Your task = For this exercise, retype the lines from the one that holds "在 iOS 12 中新增的语音备忘录堪称测试版系统的宠儿,在每个版本中都有新的变化。在最新的" through the one that holds "Backlinks sind wohl" in the records below, both included, exactly and without pictures.

The data =
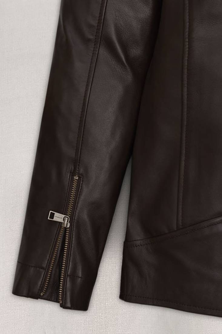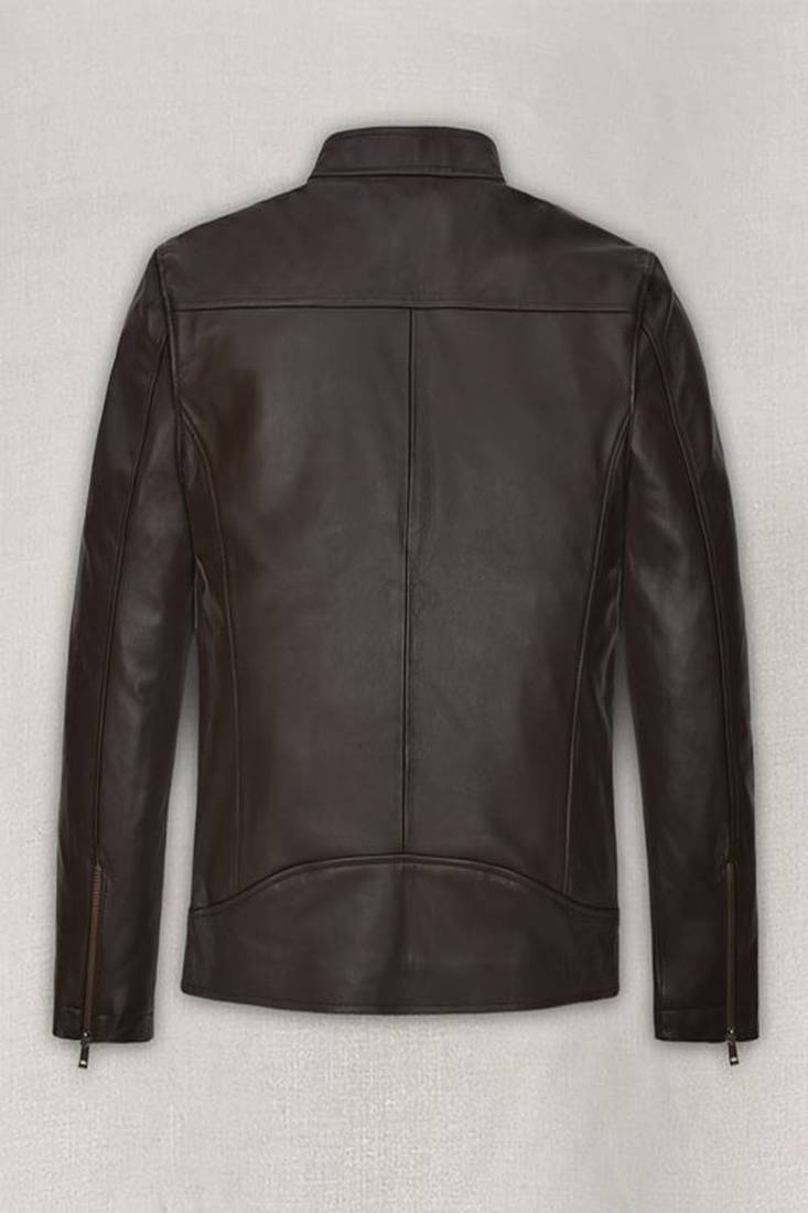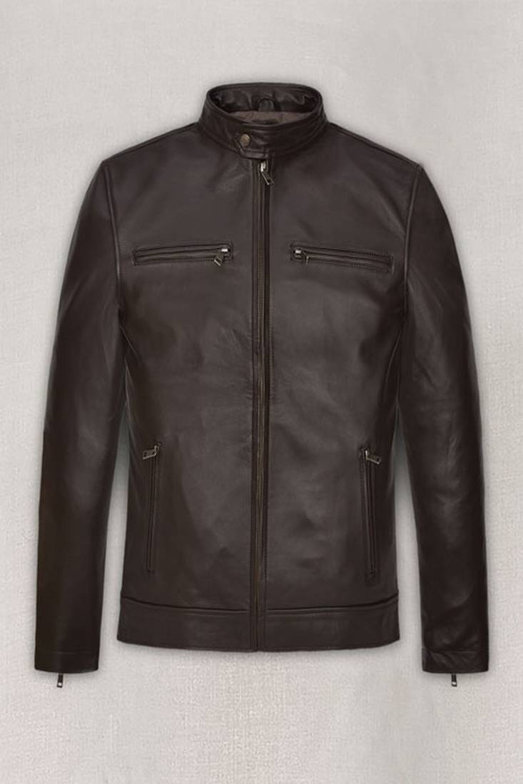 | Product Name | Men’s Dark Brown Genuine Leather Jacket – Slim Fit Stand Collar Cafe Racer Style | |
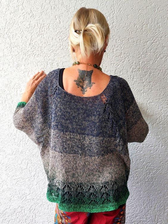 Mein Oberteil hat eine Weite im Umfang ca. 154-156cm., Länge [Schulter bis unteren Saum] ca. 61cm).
--
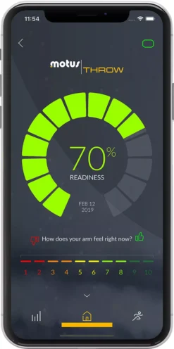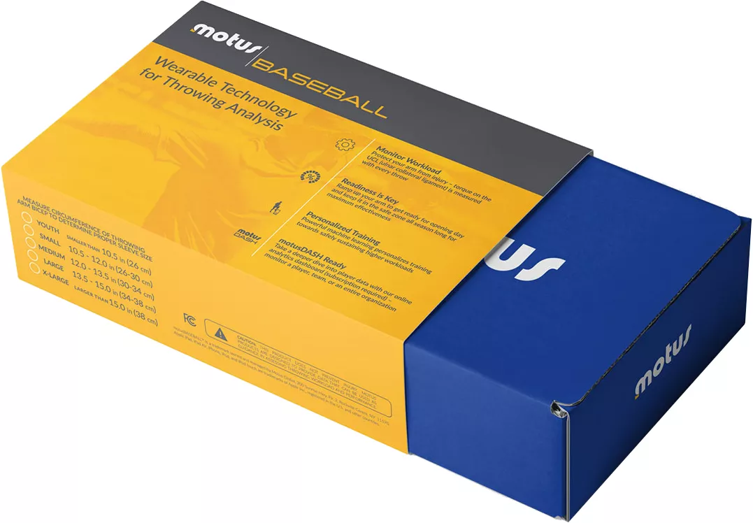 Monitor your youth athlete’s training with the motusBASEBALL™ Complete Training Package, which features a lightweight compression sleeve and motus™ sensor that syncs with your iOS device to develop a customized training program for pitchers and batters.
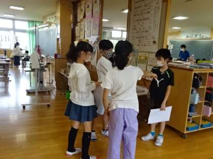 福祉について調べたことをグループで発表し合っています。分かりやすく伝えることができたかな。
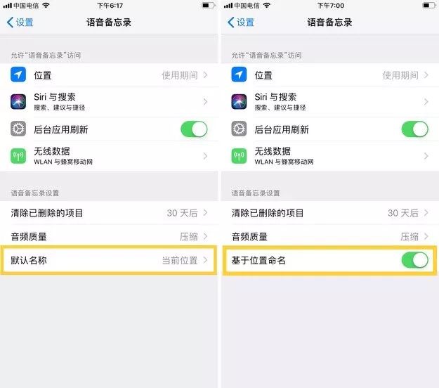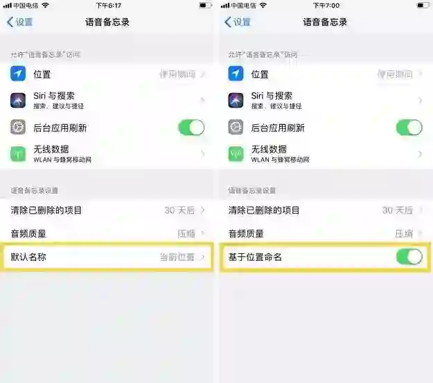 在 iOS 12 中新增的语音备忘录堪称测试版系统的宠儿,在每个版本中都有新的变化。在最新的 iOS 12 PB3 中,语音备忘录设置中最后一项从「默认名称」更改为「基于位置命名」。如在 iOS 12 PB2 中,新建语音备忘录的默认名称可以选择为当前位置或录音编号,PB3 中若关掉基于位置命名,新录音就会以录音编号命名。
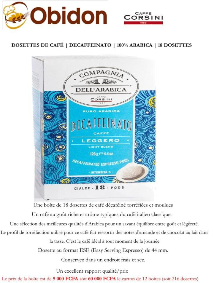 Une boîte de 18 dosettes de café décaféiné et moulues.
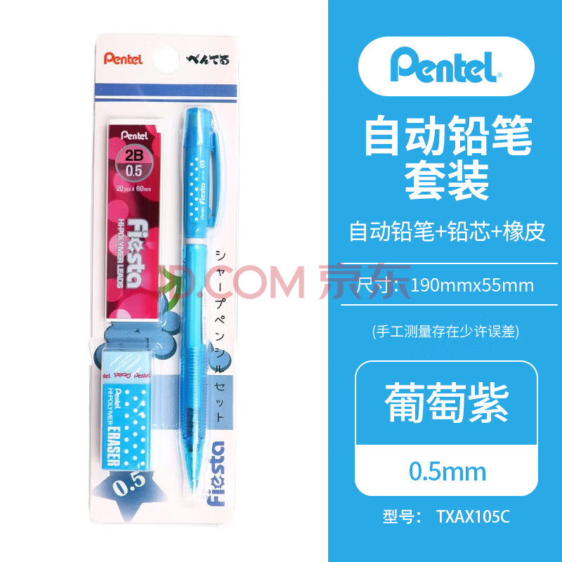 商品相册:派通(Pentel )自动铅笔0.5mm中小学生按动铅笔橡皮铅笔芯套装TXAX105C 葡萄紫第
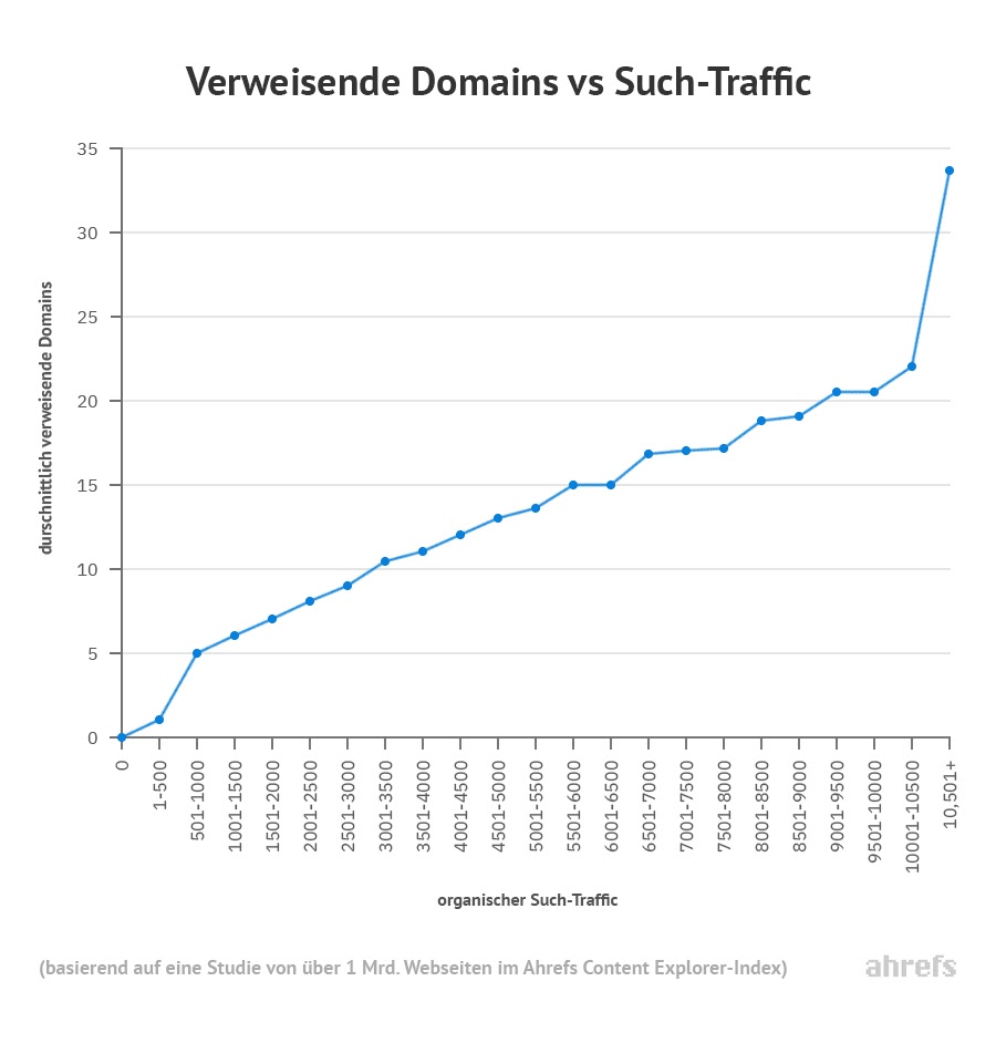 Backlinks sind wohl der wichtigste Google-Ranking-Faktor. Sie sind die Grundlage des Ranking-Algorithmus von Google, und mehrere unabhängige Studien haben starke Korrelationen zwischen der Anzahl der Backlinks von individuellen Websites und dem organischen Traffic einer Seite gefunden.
...
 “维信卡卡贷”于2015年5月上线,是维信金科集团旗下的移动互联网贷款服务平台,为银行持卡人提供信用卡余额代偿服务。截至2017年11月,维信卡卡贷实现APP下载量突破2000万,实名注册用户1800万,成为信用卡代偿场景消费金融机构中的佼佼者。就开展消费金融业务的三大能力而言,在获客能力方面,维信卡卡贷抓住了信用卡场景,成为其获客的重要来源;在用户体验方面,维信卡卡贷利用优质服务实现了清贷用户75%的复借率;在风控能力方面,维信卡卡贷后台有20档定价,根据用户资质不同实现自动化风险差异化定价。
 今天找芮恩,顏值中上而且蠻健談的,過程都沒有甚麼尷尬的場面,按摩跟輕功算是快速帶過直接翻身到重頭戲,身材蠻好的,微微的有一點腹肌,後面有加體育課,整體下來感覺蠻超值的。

Output of the task =
 在 iOS 12 中新增的语音备忘录堪称测试版系统的宠儿,在每个版本中都有新的变化。在最新的 iOS 12 PB3 中,语音备忘录设置中最后一项从「默认名称」更改为「基于位置命名」。如在 iOS 12 PB2 中,新建语音备忘录的默认名称可以选择为当前位置或录音编号,PB3 中若关掉基于位置命名,新录音就会以录音编号命名。
 Une boîte de 18 dosettes de café décaféiné et moulues.
 商品相册:派通(Pentel )自动铅笔0.5mm中小学生按动铅笔橡皮铅笔芯套装TXAX105C 葡萄紫第
 Backlinks sind wohl der wichtigste Google-Ranking-Faktor. Sie sind die Grundlage des Ranking-Algorithmus von Google, und mehrere unabhängige Studien haben starke Korrelationen zwischen der Anzahl der Backlinks von individuellen Websites und dem organischen Traffic einer Seite gefunden.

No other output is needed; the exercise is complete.